» **Available data**
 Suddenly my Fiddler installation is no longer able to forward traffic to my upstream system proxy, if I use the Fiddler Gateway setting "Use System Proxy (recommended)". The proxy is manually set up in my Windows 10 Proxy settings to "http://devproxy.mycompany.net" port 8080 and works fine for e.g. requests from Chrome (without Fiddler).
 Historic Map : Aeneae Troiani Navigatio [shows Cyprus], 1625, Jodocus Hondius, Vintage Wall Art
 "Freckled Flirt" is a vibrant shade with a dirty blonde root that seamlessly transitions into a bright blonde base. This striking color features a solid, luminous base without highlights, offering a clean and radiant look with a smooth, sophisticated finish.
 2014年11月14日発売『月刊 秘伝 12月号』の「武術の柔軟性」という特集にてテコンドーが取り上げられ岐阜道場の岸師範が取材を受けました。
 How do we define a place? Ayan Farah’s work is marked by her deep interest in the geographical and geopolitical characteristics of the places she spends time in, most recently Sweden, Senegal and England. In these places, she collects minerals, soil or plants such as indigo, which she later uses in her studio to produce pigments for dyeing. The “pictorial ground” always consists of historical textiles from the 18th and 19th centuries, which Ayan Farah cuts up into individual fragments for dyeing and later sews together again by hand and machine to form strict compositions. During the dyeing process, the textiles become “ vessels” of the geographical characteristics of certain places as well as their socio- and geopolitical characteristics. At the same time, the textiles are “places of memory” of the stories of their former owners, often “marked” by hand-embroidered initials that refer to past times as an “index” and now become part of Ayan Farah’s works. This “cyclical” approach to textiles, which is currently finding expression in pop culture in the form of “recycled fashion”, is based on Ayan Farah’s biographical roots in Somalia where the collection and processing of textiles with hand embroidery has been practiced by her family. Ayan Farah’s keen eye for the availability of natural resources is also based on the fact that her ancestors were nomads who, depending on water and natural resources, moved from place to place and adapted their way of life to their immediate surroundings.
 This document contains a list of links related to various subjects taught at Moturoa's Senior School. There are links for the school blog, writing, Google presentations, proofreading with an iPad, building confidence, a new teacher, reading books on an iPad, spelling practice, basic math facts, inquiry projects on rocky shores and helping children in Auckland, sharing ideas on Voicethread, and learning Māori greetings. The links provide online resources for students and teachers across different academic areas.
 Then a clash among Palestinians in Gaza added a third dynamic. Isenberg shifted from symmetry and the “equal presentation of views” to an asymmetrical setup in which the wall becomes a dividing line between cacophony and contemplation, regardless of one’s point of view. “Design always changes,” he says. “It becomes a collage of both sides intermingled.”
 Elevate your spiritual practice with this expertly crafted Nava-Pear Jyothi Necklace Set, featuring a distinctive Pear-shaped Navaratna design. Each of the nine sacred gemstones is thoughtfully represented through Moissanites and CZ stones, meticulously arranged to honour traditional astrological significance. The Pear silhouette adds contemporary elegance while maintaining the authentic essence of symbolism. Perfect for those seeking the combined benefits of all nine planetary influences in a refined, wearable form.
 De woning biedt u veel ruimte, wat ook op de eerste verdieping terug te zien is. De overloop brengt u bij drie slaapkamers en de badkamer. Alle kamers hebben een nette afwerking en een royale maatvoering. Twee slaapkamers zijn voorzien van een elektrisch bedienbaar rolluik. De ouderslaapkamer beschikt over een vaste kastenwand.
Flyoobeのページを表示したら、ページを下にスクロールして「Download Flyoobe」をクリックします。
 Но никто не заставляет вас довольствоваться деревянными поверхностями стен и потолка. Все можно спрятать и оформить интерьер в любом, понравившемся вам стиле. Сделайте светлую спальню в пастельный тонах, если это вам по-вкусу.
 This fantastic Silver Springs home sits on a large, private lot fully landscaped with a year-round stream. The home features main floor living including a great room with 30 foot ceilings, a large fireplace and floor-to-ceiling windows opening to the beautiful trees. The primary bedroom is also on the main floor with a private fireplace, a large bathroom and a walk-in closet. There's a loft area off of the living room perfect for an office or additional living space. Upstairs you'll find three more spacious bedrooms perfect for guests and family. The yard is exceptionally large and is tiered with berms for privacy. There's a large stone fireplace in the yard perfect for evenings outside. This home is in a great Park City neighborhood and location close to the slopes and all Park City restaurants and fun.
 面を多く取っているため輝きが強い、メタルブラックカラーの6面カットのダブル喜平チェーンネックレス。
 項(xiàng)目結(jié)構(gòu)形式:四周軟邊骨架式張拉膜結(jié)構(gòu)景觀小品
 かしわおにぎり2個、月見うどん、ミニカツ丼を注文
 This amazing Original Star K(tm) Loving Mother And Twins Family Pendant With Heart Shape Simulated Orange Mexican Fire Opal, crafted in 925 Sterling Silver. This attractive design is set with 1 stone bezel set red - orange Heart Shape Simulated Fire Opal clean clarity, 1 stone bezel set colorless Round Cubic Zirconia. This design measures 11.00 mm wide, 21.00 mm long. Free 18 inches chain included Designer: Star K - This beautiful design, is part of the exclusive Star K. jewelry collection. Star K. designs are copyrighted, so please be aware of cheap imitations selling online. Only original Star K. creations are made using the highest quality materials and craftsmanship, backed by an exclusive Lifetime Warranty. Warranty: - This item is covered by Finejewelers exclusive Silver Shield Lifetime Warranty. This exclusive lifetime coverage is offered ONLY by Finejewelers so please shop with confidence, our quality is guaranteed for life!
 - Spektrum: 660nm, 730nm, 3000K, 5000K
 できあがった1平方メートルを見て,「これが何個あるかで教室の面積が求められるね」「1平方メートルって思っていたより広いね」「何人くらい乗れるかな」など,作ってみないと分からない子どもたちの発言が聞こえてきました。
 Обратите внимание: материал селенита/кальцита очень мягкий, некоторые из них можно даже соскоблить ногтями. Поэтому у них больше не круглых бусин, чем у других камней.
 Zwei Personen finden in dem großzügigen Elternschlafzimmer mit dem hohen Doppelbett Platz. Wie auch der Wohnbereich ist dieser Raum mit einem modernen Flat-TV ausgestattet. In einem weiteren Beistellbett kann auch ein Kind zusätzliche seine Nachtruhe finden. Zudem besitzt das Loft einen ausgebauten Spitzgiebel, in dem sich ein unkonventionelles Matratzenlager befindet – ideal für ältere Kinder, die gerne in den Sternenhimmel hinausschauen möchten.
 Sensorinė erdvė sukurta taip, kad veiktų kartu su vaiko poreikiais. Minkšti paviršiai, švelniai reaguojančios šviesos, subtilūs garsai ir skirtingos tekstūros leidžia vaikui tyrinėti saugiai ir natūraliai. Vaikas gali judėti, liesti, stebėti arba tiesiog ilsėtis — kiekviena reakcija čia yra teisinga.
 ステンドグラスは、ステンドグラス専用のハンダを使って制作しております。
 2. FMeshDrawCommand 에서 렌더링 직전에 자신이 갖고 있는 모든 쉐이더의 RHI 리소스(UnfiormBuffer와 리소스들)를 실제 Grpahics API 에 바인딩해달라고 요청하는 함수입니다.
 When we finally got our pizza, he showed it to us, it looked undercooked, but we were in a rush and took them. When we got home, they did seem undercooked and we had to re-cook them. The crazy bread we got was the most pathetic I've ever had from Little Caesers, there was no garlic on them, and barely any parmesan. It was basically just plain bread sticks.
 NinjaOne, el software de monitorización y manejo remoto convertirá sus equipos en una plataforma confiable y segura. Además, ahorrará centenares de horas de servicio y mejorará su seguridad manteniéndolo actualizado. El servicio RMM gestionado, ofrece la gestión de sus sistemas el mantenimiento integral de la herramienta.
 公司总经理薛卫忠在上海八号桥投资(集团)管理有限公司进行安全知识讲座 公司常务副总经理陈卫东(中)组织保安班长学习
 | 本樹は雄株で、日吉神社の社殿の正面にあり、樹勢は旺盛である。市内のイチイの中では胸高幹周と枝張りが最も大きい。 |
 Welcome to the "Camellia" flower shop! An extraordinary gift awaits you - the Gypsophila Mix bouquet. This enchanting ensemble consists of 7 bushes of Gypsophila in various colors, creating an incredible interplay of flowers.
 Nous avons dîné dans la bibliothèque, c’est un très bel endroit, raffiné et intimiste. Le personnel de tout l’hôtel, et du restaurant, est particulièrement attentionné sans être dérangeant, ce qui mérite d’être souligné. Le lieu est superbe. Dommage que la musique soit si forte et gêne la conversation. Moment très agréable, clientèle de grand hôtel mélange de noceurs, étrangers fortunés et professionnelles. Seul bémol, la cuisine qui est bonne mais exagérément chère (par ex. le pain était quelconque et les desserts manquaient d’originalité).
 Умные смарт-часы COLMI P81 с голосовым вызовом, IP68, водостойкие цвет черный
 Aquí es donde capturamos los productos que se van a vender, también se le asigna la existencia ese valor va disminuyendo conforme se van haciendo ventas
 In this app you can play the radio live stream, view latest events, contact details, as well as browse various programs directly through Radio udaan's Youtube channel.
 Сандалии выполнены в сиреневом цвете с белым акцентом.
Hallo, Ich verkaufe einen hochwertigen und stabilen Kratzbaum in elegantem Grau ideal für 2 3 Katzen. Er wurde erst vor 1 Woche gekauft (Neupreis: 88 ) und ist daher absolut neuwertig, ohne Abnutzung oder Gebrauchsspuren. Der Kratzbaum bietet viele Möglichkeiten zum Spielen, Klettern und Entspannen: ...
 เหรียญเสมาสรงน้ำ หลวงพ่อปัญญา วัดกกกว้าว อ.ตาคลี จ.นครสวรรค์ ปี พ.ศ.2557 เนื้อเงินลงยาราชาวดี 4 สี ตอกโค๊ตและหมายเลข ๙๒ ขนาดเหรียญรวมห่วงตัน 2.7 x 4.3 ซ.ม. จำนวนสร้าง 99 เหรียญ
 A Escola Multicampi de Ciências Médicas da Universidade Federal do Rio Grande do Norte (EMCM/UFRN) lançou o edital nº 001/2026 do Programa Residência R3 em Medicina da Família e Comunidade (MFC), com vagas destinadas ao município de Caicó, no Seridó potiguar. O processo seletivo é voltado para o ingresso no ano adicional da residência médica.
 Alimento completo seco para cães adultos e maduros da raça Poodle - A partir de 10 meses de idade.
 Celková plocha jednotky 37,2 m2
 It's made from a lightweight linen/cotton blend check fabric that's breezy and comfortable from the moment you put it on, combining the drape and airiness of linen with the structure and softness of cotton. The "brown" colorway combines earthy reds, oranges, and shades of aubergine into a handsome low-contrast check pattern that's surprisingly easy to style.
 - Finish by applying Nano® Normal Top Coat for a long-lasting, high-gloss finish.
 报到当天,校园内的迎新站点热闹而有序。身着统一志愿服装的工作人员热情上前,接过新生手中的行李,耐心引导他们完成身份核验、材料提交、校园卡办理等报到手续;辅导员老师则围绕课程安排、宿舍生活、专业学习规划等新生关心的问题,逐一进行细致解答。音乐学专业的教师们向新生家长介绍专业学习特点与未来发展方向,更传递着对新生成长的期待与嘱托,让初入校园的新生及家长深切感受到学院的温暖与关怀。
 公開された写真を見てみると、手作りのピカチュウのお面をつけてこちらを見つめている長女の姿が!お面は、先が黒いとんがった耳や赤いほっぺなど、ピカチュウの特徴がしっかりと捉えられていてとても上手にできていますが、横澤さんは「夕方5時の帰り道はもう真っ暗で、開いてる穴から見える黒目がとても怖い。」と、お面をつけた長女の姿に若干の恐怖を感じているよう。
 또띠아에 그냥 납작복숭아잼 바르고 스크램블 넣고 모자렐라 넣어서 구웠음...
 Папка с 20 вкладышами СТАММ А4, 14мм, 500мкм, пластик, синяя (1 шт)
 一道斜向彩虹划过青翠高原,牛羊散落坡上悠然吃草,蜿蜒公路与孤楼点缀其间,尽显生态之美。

» **Work to complete**
Go through the data above and return each line containing the string "para".

» **Answer space**
 A Escola Multicampi de Ciências Médicas da Universidade Federal do Rio Grande do Norte (EMCM/UFRN) lançou o edital nº 001/2026 do Programa Residência R3 em Medicina da Família e Comunidade (MFC), com vagas destinadas ao município de Caicó, no Seridó potiguar. O processo seletivo é voltado para o ingresso no ano adicional da residência médica.
 Alimento completo seco para cães adultos e maduros da raça Poodle - A partir de 10 meses de idade.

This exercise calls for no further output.